Architectural Practice Today
I have been in the architecture racket for a long time. My first job in an architectural office was before I went to architecture school. It was the one I mention in my earlier article, “Checking Architectural drawings and specifications”, that featured the drawing checker Mr. Brown. Its organizational structure was typical of the time: a Senior Partner, a Junior Partner, a design architect, a group of draftsmen, an Interior Design guy, and me, the Summer Gofer. I did many things that taught me a lot, none of which would mess up any of the active projects if I did them wrong. I was helped to get them right, of course.
When I got out of architecture school, I was lucky to find myself a job in a very small firm whose two other members I already knew. Our team was the owner and the two of us. The owner got the work and initially did most of the design. As time went by, we became a very cooperatively operating outfit even as more people came and went. I later went to work for a larger firm, with a founding senior partner and two or three junior partners. In this situation, the architectural design was much more reserved to the partners, and the junior partners sometimes had their own projects, but the firm’s work was still closely identified with the founder. The rest of the staff were predominantly production people, with the usual tree of Job Captains keeping them in line.
When I moved to the Bay Area the firm that hired me was a local partnership that was sold to a national firm when I was on the way to California.
I think that this what has happened generally in the architecture business. The result is that the individual practitioners of the past are becoming rare. The big firms that have taken over have a certain headless quality that is more characteristic of the corporate world than the professional one. People of influence in the firm that I worked at in California seemed to be interested in climbing the corporate ladder in many cases and would move to a different firm if the opportunity arose.
This has meant that a project might not have a readily identifiable “head”. The architectural team for a recent project for which I was the inspector changed completely during a couple of years of construction. The new people seem to be good, smart, and capable, but they have clearly had a lot of catching up to do, and it is not clear whether they have any deep identification with the project. Would they have designed it differently in the first place? Is it now just another “job”?
I feel that this change in structure changes, in subtle but significant ways, the way the employees work and how they are treated. Excellence in design, which is nurtured by a degree of closeness, cooperation, guidance, and interdependence, is harder to achieve.

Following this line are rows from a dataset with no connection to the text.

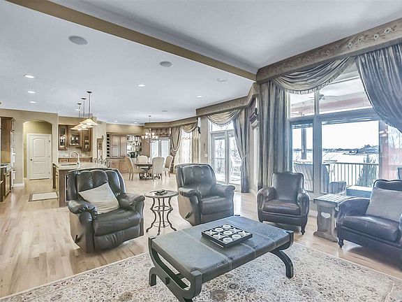 The living is easy at 1825 Harborlight! This impressive, well-proportioned home offers stunning lake views, upgrades upon upgrades, and includes custom dock for pontoon boat and jet ski. The open design of the floor plan coupled with large picture windows provides wonderful natural lighting and perfect entertaining space with views of the water. The floor plan encompasses four spacious bedrooms, 3 full bathrooms and two half baths. Handsome molding and custom built-ins throughout the home offer a sense of quality and luxury you wonât be able to duplicate elsewhere. A roomy kitchen includes a large granite island, walk-in pantry, and more than enough storage space. Nearby built-ins offer a great butlerâs pantry or bar. Your master suite is expansive with access to the deck, beautiful water views, and ensuite bath fit for a King and Queen! The large walk-in closet is a dream along with heated tile floors, his/her vanityâs, tile shower, and large tub. The main floor guest suite offers a full private bath. Within the lower level enjoy custom stained concrete floors, true walk-out access to back yard patios, wet bar, wine cellar, and large family room with room for game tables. Two sizable bedrooms are also featured in the lower level and have quick access to a full bath. Guests can utilize a half bath on the main floor or lower level. There is also a nice office space and mud bench as you enter from the garage all near the laundry room. Finished space under the garage allows for a multitude of options from storage space, media room, or work out room. As you can imagine the outdoor space is a spectacular! Extensive landscaping both in the front yard and back yard, large patio spaces for entertaining and a massive deck to host your guests. An unbeatable value, donât miss your chance here!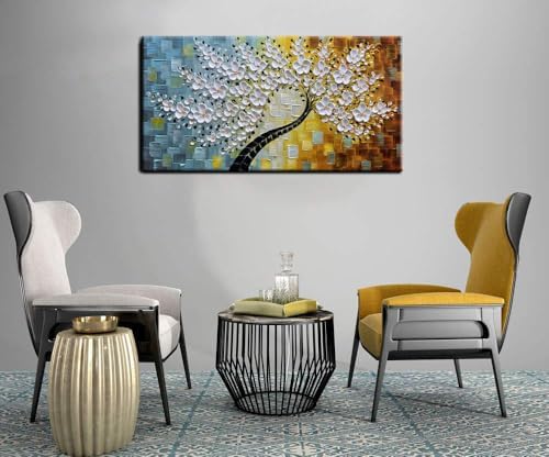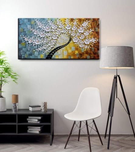 YaSheng Art-Handmade White Flower Contemporary Art Oil Painting On Canvas 3D Texture Abstract Tree Paintings Modern Home Bedroom, Dining Room, Wall Art Decor Ready to Hang20x40inch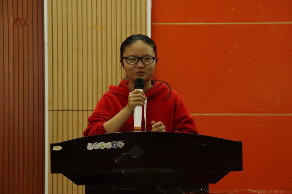 李慧丽介绍大会流程后,第十四届学生会主席杨氽、十四届团委副书记张宇环依次上台发言。杨氽对去年的工作进行总结,对新任干部近期的工作做出肯定,并告诉大家要处理好学习和工作两者的关系,端正工作态度,学会团结合作。张宇环表示对学生会大家庭的不舍,她举例启发我们应端正思想,对待事情要有反复思考和坚持不懈的态度,更要尊重学习路上的引路人。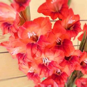強い雨に打たれて、曲がってしまったグラジオラス。 玄関の彩りに。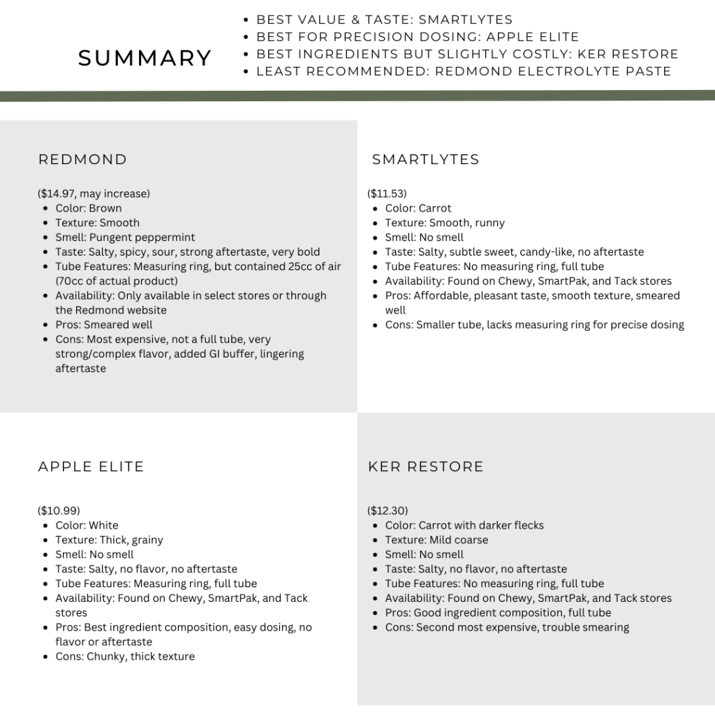Whether you’re prioritizing price, ingredient composition, or ease of dosing, this comparison will give you the insight you need to choose the best electrolyte paste for your horse.

There are other changes that have occurred. The technological revolution that makes what was a physical process into a virtual one is deeply significant. Of course, it is impossible to return the immediacy of drafting by hand --- the very word means pulling, drawing, the pencil or pen across the paper. The advantages of informational coordination and multiplicity of views and aspects are too great. But the relationships must be realized anew among all the actors in the design process.
We have had a new obstacle put in the way by the requirement to thwart a destructive pandemic. I don’t know how today‘s firms have coped with the pandemic. At the very least, the necessity of working remotely adds to the distance between us when it is perhaps what we need most.
In the face of the obstacles and changes in structure and technology that are part of the architectural world today, it must be necessary to spend some design time not just on the projects themselves, but on the very processes by which they are accomplished. It has always been my feeling that a cooperative, synergetic design and production environment is bound to be the most effective. What are the ways that this can be created or re-created? Who are the best people to have working together? What knowledge and skills do they need to have? How can their capabilities and effectiveness be nurtured and improved? Where will these people be found?
This is clearly a design project in itself. If Architects are trained designers, are they up to the task?